In support of JCE III, the Tadić Appeals Chamber relied on:

a.  The Essen Lynching case before a British Military Court involving the lynching of three British prisoners of war who were taken for interrogation by the German army, where the army captain, escort, and five German civilians were charged with being “concerned in” their killing;(( See Id., paras. 207-209. Law Reports of Trials of War Criminals, Selected and prepared by the United Nations War Crimes Commission, Vol. I (1947), p. 91; Transcript, in Public Record Office, London, WO 235/58, 65-68. ))

b.  The Borkum Island case, where a US aircraft was shot down over German territory and its crew was subjected to a death march, and where the accused were charged with “willfully, deliberately, and wrongfully, encourag[ing], aid[ing], abett[ing] and participat[ing] in the killing’ of … airmen and with ‘wilfully, deliberately and wrongfully encourag[ing], aid[ing], abett[ing] and participat[ing] in assaults upon the airmen;’”((Id., para. 210, quoting from United States v. Goebell et al., Case No. 12-489, General Military Government Court at Ludwigsburg, Germany, 6 February – 21 March 1946, Charge Sheet, in U.S. National Archives Microfilm Publications, I.))

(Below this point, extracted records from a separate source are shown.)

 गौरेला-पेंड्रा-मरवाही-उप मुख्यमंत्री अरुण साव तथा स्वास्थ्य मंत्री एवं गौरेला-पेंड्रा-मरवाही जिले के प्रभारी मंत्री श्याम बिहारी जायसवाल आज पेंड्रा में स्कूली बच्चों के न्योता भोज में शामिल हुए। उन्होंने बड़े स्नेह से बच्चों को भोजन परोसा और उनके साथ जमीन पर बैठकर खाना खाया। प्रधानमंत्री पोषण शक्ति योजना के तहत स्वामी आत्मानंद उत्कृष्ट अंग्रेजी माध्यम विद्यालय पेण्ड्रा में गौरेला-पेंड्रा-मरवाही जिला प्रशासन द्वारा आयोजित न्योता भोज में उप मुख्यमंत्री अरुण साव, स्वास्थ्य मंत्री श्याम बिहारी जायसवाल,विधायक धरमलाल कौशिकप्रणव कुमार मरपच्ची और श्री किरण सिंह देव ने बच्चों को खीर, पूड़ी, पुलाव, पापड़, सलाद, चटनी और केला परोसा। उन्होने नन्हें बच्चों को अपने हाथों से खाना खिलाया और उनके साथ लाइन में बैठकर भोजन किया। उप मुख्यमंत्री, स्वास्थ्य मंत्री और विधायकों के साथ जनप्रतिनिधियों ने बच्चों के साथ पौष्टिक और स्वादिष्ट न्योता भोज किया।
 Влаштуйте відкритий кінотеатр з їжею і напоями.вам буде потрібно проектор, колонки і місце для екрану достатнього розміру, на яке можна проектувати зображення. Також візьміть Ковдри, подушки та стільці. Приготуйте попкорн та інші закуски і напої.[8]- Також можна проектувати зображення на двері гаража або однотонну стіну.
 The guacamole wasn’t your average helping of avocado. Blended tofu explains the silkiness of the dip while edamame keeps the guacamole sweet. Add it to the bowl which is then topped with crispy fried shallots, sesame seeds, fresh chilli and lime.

c.  Several handwritten and unpublished (or otherwise obscure) Post World-War II cases brought before Italian courts concerning domestic crimes committed by civilians or military personnel belonging to the armed forces of the so-called Repubblica Sociale Italiana;((Id., paras. 214-19.))

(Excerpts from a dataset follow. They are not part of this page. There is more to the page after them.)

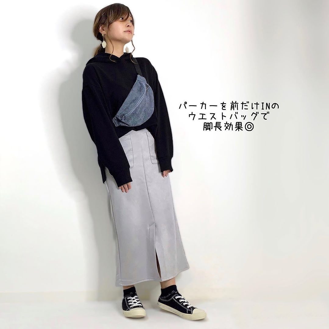 スエードタッチナローミディスカートコーデをPick up!しっとりしたスエードタッチが、体に馴染むからきれい✨大人っぽいグレーが、絶妙な光沢感を作ってくれるのでGOOD👍カジュアルに、パーカ合わせも可愛いです😘
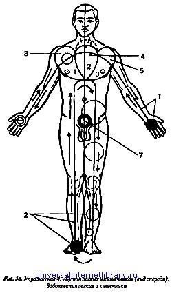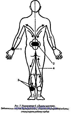 Упражнение 5. "Цветок души и разума" — при неврозах, нервных заболеваниях (рис. 6). Начинаем с любой стопы. Вариант: С правой стопы (1), поднимаясь вверх по ноге изнутри, охватывая ее внутренним взором полностью, как бы насквозь, переходим к копчику (2), затем поднимаемся по позвоночнику, проходя его также как бы насквозь, постепенно суживая область ощущения, как это показано на рис. 6, переходим на шею, затем на волосистую часть головы, где перемещаем ощущения по поверхности кожи, не углубляясь доходим до «третьего» глаза (3), где делаем небольшую, до 3–4 сек., остановку, сосредоточившись, как бы сконцентрировав внимание на этой области (3), затем возвращаемся аналогично тем же путем до области копчика (2), переходя ниже в левую ногу, также полностью охватывая ее изнутри ощущением, спускаемся до левой стопы, затем возвращаемся обратно аналогично до правой стопы. Это один проход. Таких проходов следует сделать 3–4 на каждое ощущение. Аналогично работаем с руками. Далее делаем проход по рукам, начиная с запястья, охватываем руку полностью изнутри. Через плечевой сустав на уровне плечевого пояса переходим на противоположный плечевой сустав, опускаемся в другую руку до запястья и возвращаемся, откуда начали. Таких проходов также делаем 3–4. При этом помните, пожалуйста, что при выполнении этого упражнения, в частности, передвижения ощущений по голове, у вас не должно появиться непривычных ощущений — шума, чувства тяжести в голове, делайте это легко, без напряжения. Если все же появится неприятное ощущение — следует резко уменьшить нагрузку и яркость ощущений. Упражнение 6. "Дороги царства" — при заболеваниях сосудов (артерий и вен), тромбофлебитах, стимулируем работу сердца. Начинаем с нижней трети задней поверхности правой голени (3), поднимаемся вверх, как это показано на рис. 7: на голени отклоняясь наружу, на бедре — к внутренней поверхности (4), переходя на середину промежности, мысленно проходя как бы через прямую кишку к поясничной области (2), делая здесь небольшую, до 10 сек., остановку, одновременно усиливая ощущения до максимума, проходя как бы насквозь вперед, затем — аналогично и симметрично из (2) спускаемся вниз до нижней трети задней поверхности левой голени. Затем еще раз возвращаемся так же и тем же путем до (3) на правой голени. Затем — таким же путем вверх по правой ноге через прямую кишку вновь в (2), где вновь усиливаем ощущения до максимального и делая остановку на 10 сек. Затем из (2) переходим на руки, как это показано на рис. 7: через подмышечную область по задней поверхности плеча, затем предплечья до запястья (1), где делаем небольшую, до 2–3 сек., остановку и возвращаемся тем же путем в поясничную область (2), где, как обычно, делаем остановку до 10 сек. с одновременным усилием ощущения до разумного максимума. Затем переходим на другую руку тем же путем достигая (1) и вновь возвращаемся в область (2), где после усиления ощущения и остановки до 10 сек. делаем еще по одному проходу по рукам — аналогично и заканчиваем упражнение в (2), также сделав остановку на несколько секунд и доведя ощущения до максимального.
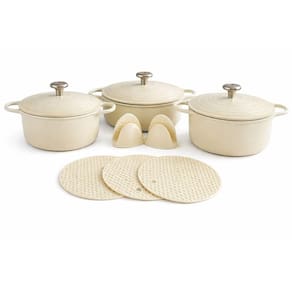 O Jogo é composto por 01 Caçarola de 20 cm, 01 Caçarola de 24 cm e 01 Caçarola de 26 cm. Além disso também vem incluso pegadores e descansos de silicone.

d.  The Rome Statute (which does not codify JCE) and the International Convention on the Suppression of Terrorist Bombing (mirroring co-perpetration under Article 25(3)(c) of the Rome Statute);((Id., paras. 220-23. )) and

e.  A sampling of domestic criminal law from Germany, the Netherlands, France, Italy, the UK, Canada, Australia, and Zambia.((Id., para. 224.))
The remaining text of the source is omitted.